Lengthen this description so the reader can follow a bit more easily. Some readers (*cough* me *cough*) can't picture that quickly. It's harder 'cause you know what it looks like, but the reader doesn't know. :wink: Ask yourself, "How can I explain to someone else what this looks like?"

Boots [s]then [/s]rounded the corner. A man stood, barring Morris’ only exit. Their focuses were riveted on each other.


I kinda want to know what this guy looks like. Is he ginormous like a bear, or thin as a stick with an ugly smirk? There's light, so Morris can see alright, if not perfectly.

Underlined: Great job! Not everyone knows how to use the apostrophe like this. Nice! :D

Morris was the first to move, [s]hurtling in[/s] making a beeline in the other direction.


Making a beeline.. back? Like he's backtracking? Or running a different way? Like to the right instead of the left? Other is too general for me. ^^

The pursuer raced headlong across the waterlogged deck, [no comma] on his heels.


Oh wait, you mean the pursuer is on Morris' heels! Ohh! Then rephrase this. The man was on his heels, racing across the waterlogged deck... This is a good spot for some description -- the look on his face or how he runs.

Suddenly, a salty billow rose up and impaled both of them, [semi instead] the hostage skewered to a set of clapboard shutters.
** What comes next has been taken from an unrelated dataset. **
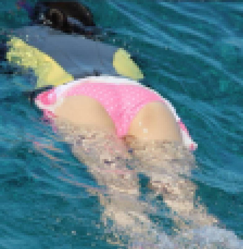 しかもTバックで、水着の日焼跡がクッキリと...

Hostage? Is Morris a hostage?

Standing over him, he breathed through red, [no comma] flared nostrils.


There's really no need for commas in the midst of adjectives. :?

He suddenly knew that the water was the safest place to be.
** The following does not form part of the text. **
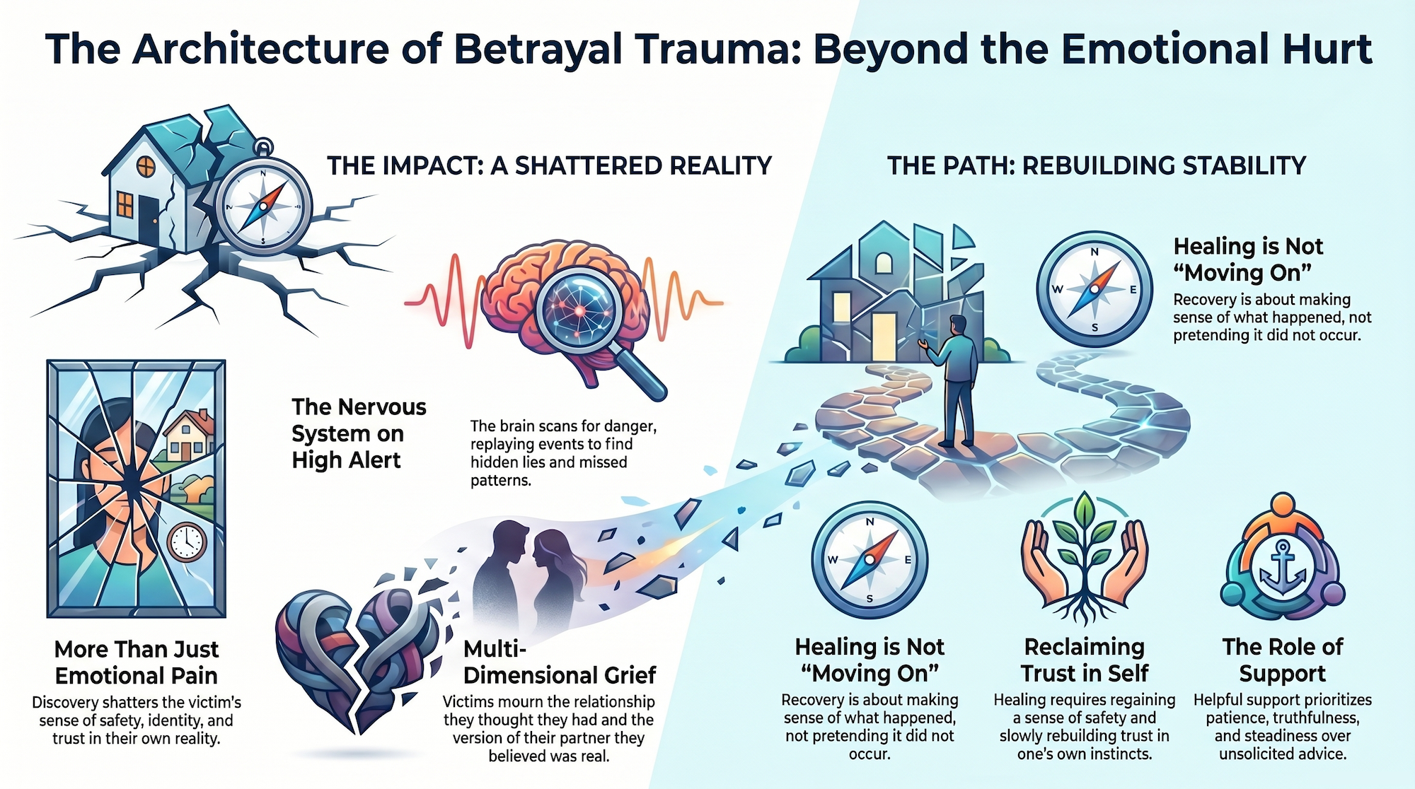 This is why pressure to “move on” usually backfires. Healing after betrayal is not about pretending it did not happen. It is about making sense of what happened, regaining a sense of safety, and slowly rebuilding trust in reality and in themselves.

Wait, why? How did he come to this conclusion?

Weary and weak, Morris dragged his water-heavy clothes heavenward, draping his arms over the rung of a rope ladder.
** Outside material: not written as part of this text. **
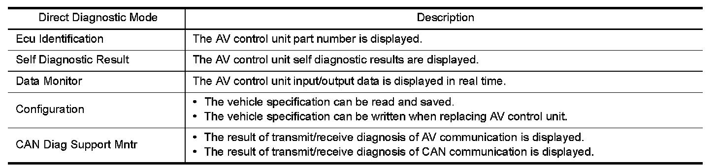 DIAGNOSIS SYSTEM (AV CONTROL UNIT)

When did the rope ladder come down? oO

Heavy, [no comma] pot-sized hands grabbed his shoulders and hauled him into the helicopter.


Overall

This can use some work. First of all, the chapter was just short, which can be a sign that you can make it longer. Description is the key. Describe, describe, describe. And take your time with it! You want the reader to see, feel, hear, taste, and smell everything that you can when thinking up this story. It takes time to do so, some patience as well, but it's worth it in the end.

Once you flesh out the chapter itself, you'll answer the questions that I had above as well as make a more effective ending. The last sentence is good, but I didn't get the goosebumps that I should get. It's just basically description that will help you out. Maybe some dialogue will help keep the reader with you, and separate the paragraphs so they aren't so big and scary. :)

Sorry this is so short. I'd build on what I mean a bit more, but hopefully you understand what I mean just with this. If you have questions, PM me. I'll answer ASAP and give you a thorough one at that. :D

This story has potential, though! Never fear! Just keep writing!

Jabber, the One and Only!
I make my own policies.
  








I am always saying "Glad to've met you" to somebody I'm not at all glad I met. If you want to stay alive, you have to say that stuff, though.